COBRA is a private research facility comprising a small number of clinical researchers and a database manager, led by Principal Investigating Surgeon, Professor Gary Hooper, and Director of Clinical Studies, Dr Deborah Snell.

The data managed by COBRA provides opportunities for researchers to evaluate research questions across many aspects of patient outcomes after having hip and knee arthroplasty.

Read more about our COBRA team

Prospective clinical outcome studies

These are mainly long term prospective outcome studies on various types of total joint replacements.

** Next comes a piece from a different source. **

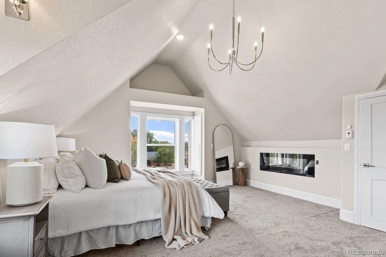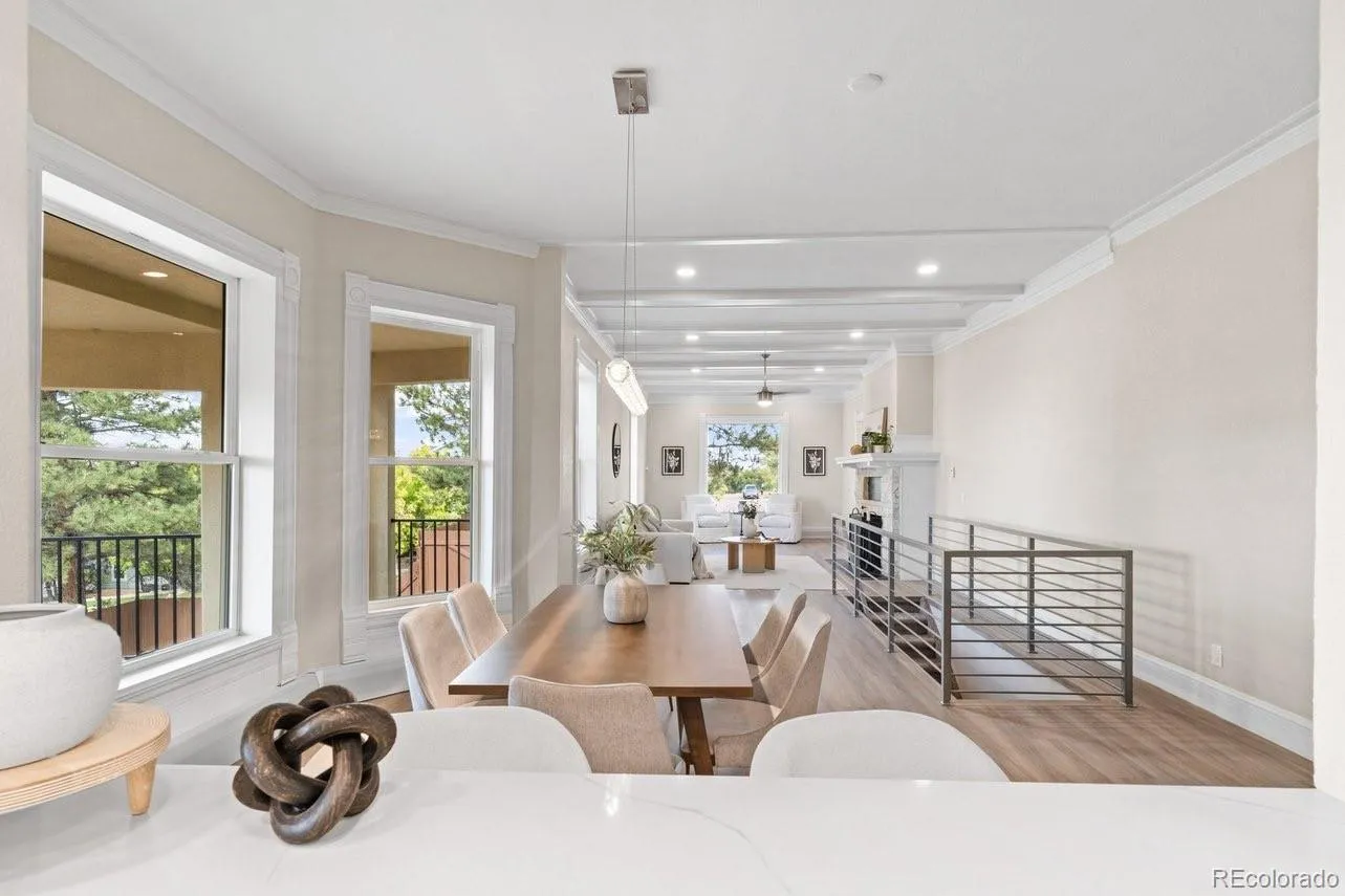 views galore. The beautifully restored raw marble fireplace takes center stage, illuminated by an abundance of natural light pouring in through the newly installed windows. Soaring beamed ceilings, elegant crown molding, and multiple entertainment areas create the perfect setting for unforgettable gatherings. The gourmet kitchen is a culinary dream come true, equipped with top-of-the-line stainless steel appliances, a gas range, and double oven. Additional features include quartz countertops, soft-close cabinets, and a stunning island perfect for food preparation and storage. The kitchen seamlessly transitions to a covered balcony, where breathtaking mountain views await. A breakfast nook and formal dining area, complete with a glamorous LED pendant light, provide the perfect spaces for everyday meals and special occasions. The primary bedroom is a serene retreat, boasting high vaulted ceilings, large windows, and a calming neutral color palette. The sleek primary bathroom features a modern walk-in shower, frameless doors, and ample space for relaxation. A freestanding tub invites you to unwind and rejuvenate. With brand-new, state-of the-art air conditioning units, this incredible home is summer-ready, ensuring unparalleled comfort for you and your loved ones. Multiple walk-out covered patios beckon you to enjoy the beautiful outdoors. This exceptional residence is close to

National Joint Replacement Register 

The department is responsible for the National Joint Replacement Register.

The New Zealand National Joint Register was established by the NZ Orthopaedic Association to record technical information about total hip and knee surgery performed in New Zealand.

The Register began as a pilot study in Christchurch in April 1998, and by April 1999 was nationwide.

The Register expanded in January 2000 to include all total shoulder, elbow and ankle procedures, as well as unicomparmental knees.

More detailed information is available on the National Joint Register website

Reconstructive upper limb surgery for tetraplegia

Reconstructive surgery for tetraplegia has been carried out at the Spinal Injuries Unit Burwood Hospital since 1982.

The Unit is now one of the leaders in the world, not only for the surgery itself but also for outcome studies including the development of new surgical procedures and research programmes.

These include: 

  • Development of a device for accurate measurement of joint torque
  • Changes in tendon length during postsurgical rehabilitation
  • Patterns of shoulder motion
  • Wheelchair kinematics

Strong collaboration research programmes have been developed with the Department of Engineering, at the University of Canterbury.